» **Your instructions**:
Below are records with pictures; copy word for word only the lines between the line with "をプラス標記とし、超えない場合はマイナス標記とした。測定は 2 回行い、数値が大きい方を採用した。" and the line with "Centres sociaux et Espaces", inclusive, and drop the pictures.

Stored data entries
========
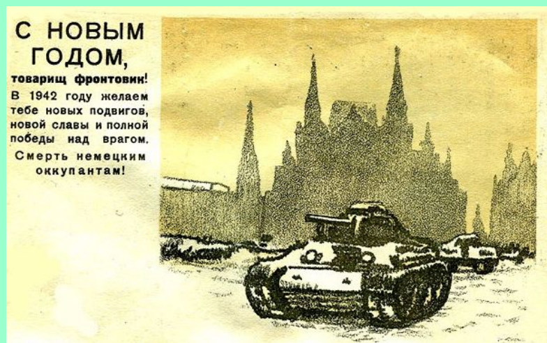
Новогодняя открытка для фронтовика
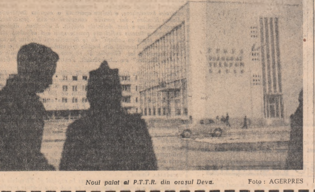
Noul palat al P.T.T.R. din orașul Deva.
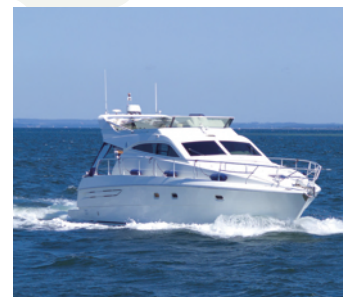
ยานพาหนะทางน้ำ
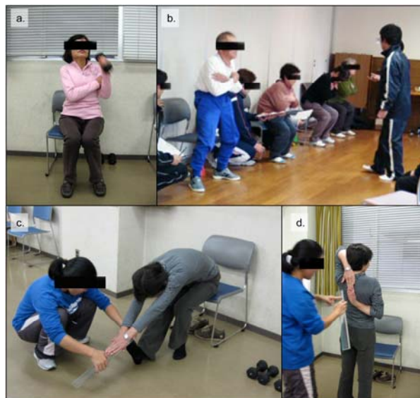
Fig. 2. Picture of Arm Curl

どちらか好きな方の手の指先を伸ばしたまま、真上に上げ、その状態のまま、肘を曲げ手のひらを背中につけさせた (肩関節外旋, 前腕回外位)。次に、もう一方の手を、指先を伸ばした状態で下側から背中に回し、手の甲を背中につけた状態とした (肩関節内旋, 前腕回内位)。そして、両方の手をできるだけ近づけ、手をさわる又は、重ね合わせる様に指示した。測定は、下側から背中に回した中指の先を基準に (中指先端を 0cm とする)、上の中指との距離をメジャーにて 0.1cm 単位で求めた (Fig. 2-d)。0cm を超えた部分 (中指が重なり合わさる以上になった場合) をプラス標記とし、超えない場合はマイナス標記とした。測定は 2 回行い、数値が大きい方を採用した。
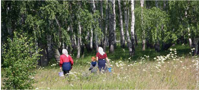
Walderdbeeren werden in der Waldsteppe eimerweise gesammelt, wie hier bei Ishim.
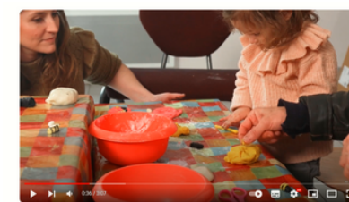
Centres sociaux et Espaces de la vie sociale de l'Aveyron - "Acteurs du territoire"

Au cœur des Centres Sociaux et des Espaces de la Vie Sociale de l'Aveyron, découvrez-les en images ! Une vidéo globale et 6 petits clips sur différentes thématiques. A découvrir ICI
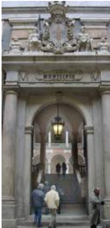
Tursi taglia nelle partecipate
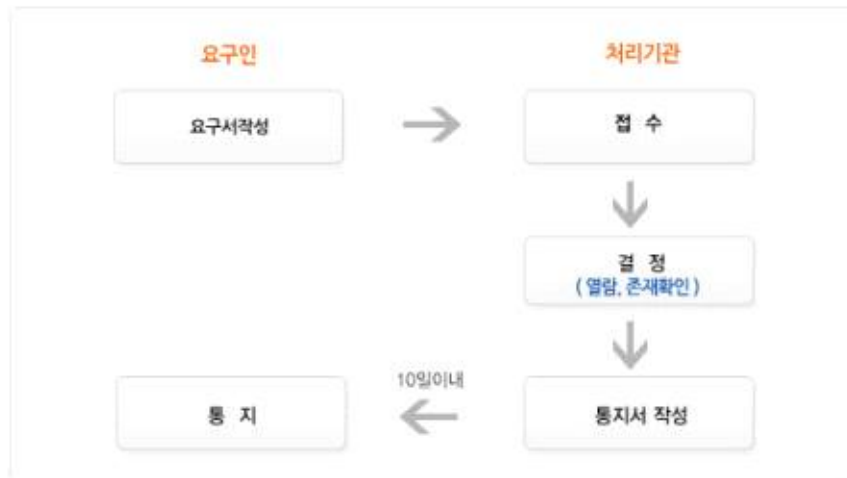
[별지1] 개인영상정보 열람 및 존재확인 요구서

양서고등학교는 정보주체가 개인영상정보의 열람 또는 존재확인 요구를 할 경우 10이내에 이용자에게 결과를 통지합니다. 개인영상정보의 열람 또는 존재확인 요구는 개인영상정보처리기기 운영부서를 통하여 가능하며 처리 절차는 다음과 같습니다.
========
» **Result for this task**:
どちらか好きな方の手の指先を伸ばしたまま、真上に上げ、その状態のまま、肘を曲げ手のひらを背中につけさせた (肩関節外旋, 前腕回外位)。次に、もう一方の手を、指先を伸ばした状態で下側から背中に回し、手の甲を背中につけた状態とした (肩関節内旋, 前腕回内位)。そして、両方の手をできるだけ近づけ、手をさわる又は、重ね合わせる様に指示した。測定は、下側から背中に回した中指の先を基準に (中指先端を 0cm とする)、上の中指との距離をメジャーにて 0.1cm 単位で求めた (Fig. 2-d)。0cm を超えた部分 (中指が重なり合わさる以上になった場合) をプラス標記とし、超えない場合はマイナス標記とした。測定は 2 回行い、数値が大きい方を採用した。
Walderdbeeren werden in der Waldsteppe eimerweise gesammelt, wie hier bei Ishim.
Centres sociaux et Espaces de la vie sociale de l'Aveyron - "Acteurs du territoire"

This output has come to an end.